27.2 Framework Design

Filter networks deal with two kinds of objects:

  • Data objects that flow through the network. In our case, the data flowing are images.
  • Operators that act on the data. Operators come in different flavors. Some operators produce output images without absorbing input images (for example, an operator that loads an image from disk). These operators act as sources in the network, so they are called source operators. Other operators consume an input image without producing an output image (for example, operators that display an image on the screen). Because these operators act as data sinks, we refer to them as sink operators. See Figure 27-2.

    Figure 27-2 A , a , and an

For a C++ implementation, this poses two problems. For one, it is considered good design for an object that creates objects to be responsible for also deleting those objects (Meyers 1997). Because the operators creating and deleting images are usually not the same, we need some kind of automatic memory management for the Image class.

Images are fairly simple data structures that don't contain references, especially not to themselves. Thus, simple reference counting suffices as memory-management strategy.

A second issue is how the pipeline should be updated. That is, what is the mechanism that makes data percolate through the graph? The two options are to push data down the graph or pull data from the result nodes, which in turn pull the necessary data from their inputs. Because of the common use of a model-view-controller pattern (Gamma et al. 1995) for applications, we decided to implement updating by pulling.

27.2.1 Operators and Filters

The basic operators described in the previous section map directly to abstract base classes in the framework's design.

The SourceOperator base class consists of two purely virtual functions:

virtual bool dirty() = 0;
virtual Image image() = 0;

The image() method returns the operator's output image. The dirty method determines if the most recently returned image is still valid.

The SinkOperator base class contains only a single virtual function and a protected reference to a SourceOperator.

virtual void setSourceOperator(SourceOperator *pSourceOperator);


SourceOperator *_pSourceOperator;

The sink operator retrieves its input images from the source operator pointed to by _pSourceOperator. The setSourceOperator() method sets this reference.

The ImageFilter class is derived from both SourceOperator and SinkOperator, as shown in Figure 27-3.


Figure 27-3 The Class Diagram

ImageFilter overloads both the image() and the dirty() methods with default implementations for all filters derived from it.

  • The image() method retrieves the input image from the input operator and draws a rectangle exactly covering the entire output image. The drawing code for the rectangle sets up Cg vertex and fragment programs and uses the input operator's image as a texture. The fragment program determines how the texture is rendered to the output image. Thus, different image filters can be implemented by simply using different Cg fragment programs.
  • The dirty() method recursively queries the dirty() methods of all operators upstream. If it finds that its image filter depends on a dirty operator's output, it will return true. An operator becomes dirty when any of its parameters is changed. Note: It is the responsibility of the implementer of an operator or filter to make sure that the dirty flag is set correctly.
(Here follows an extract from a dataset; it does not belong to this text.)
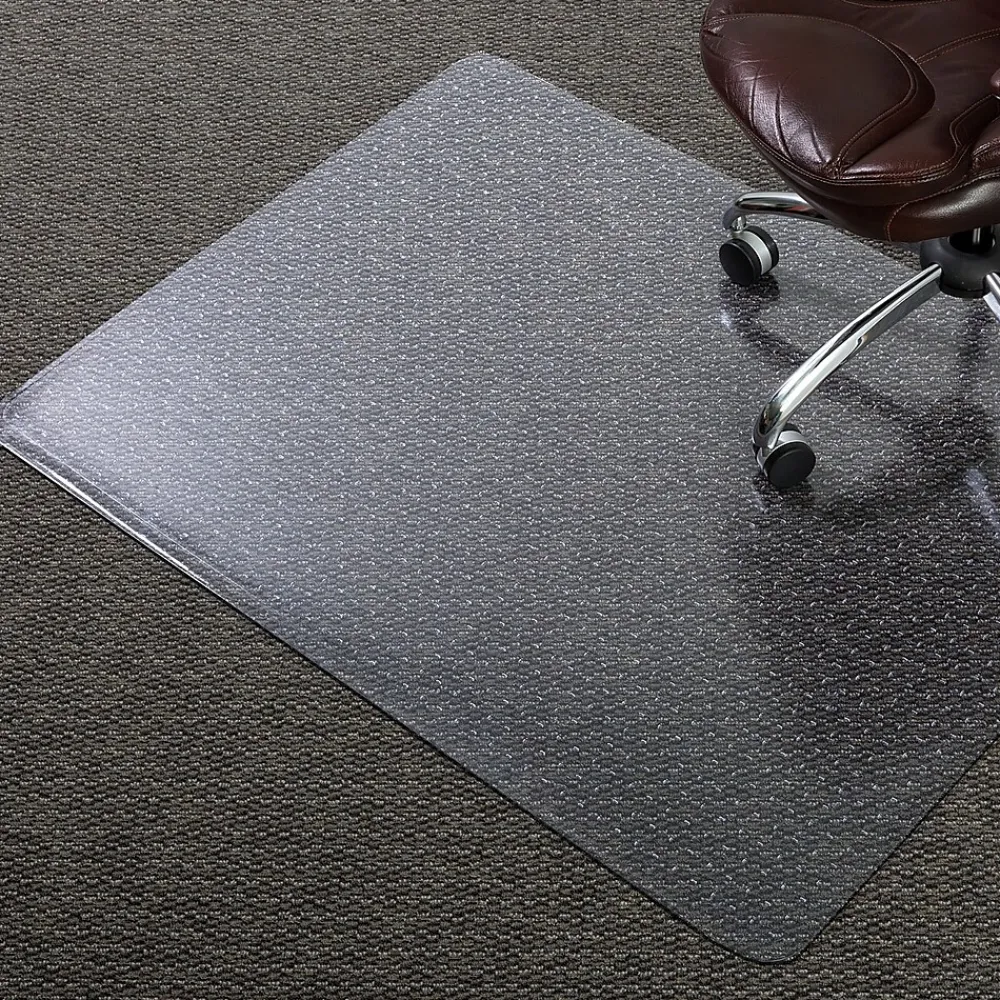 Extend the life of your flat to low pile carpet (up to 1/4″ thick including padding depth) by protecting against chair caster wear and tear. The perfect addition to your workspace, this chair mat provides a smooth surface that enhances ergonomic comfort by allowing your rolling office chair to move freely. Easy to handle, this chair mat features rounded AnchorBar cleats (studs) that hold your mat in place and are gentle on carpets and fingers (no sharp spikes). This chair mat is made with durable vinyl that is GREENGUARD Gold Certified for low chemical emissions to promote a healthier workspace. Designed for use on carpeted surfaces only, do not use on hard floors.

The image() method implements everything necessary to set up and execute fragment and vertex programs. It uses a ShaderManager class to retrieve shared Cg resources. Most of the necessary and tedious Cg plumbing is encapsulated in the image method. All the implementer of a new filter class has to do is set up the actual fragment shader for his or her filter in the class's constructor.

27.2.2 Image Data

The Image class functions as a container for our image data. Therefore, it must support two basic functions: retrieving the image data and drawing new image data into the image. Because the Image class is a mere handle to the actual image residing on the graphics board, support for these functions will be high level (as opposed to low-level accesses such as setting and retrieving color values of single pixels).

This high-level interface to the image data consists simply of the following three methods:

GLuint textureID() const;
void renderBegin();
void renderEnd();

These methods allow the programmer to retrieve an OpenGL texture handle pointing to a texture containing the image data.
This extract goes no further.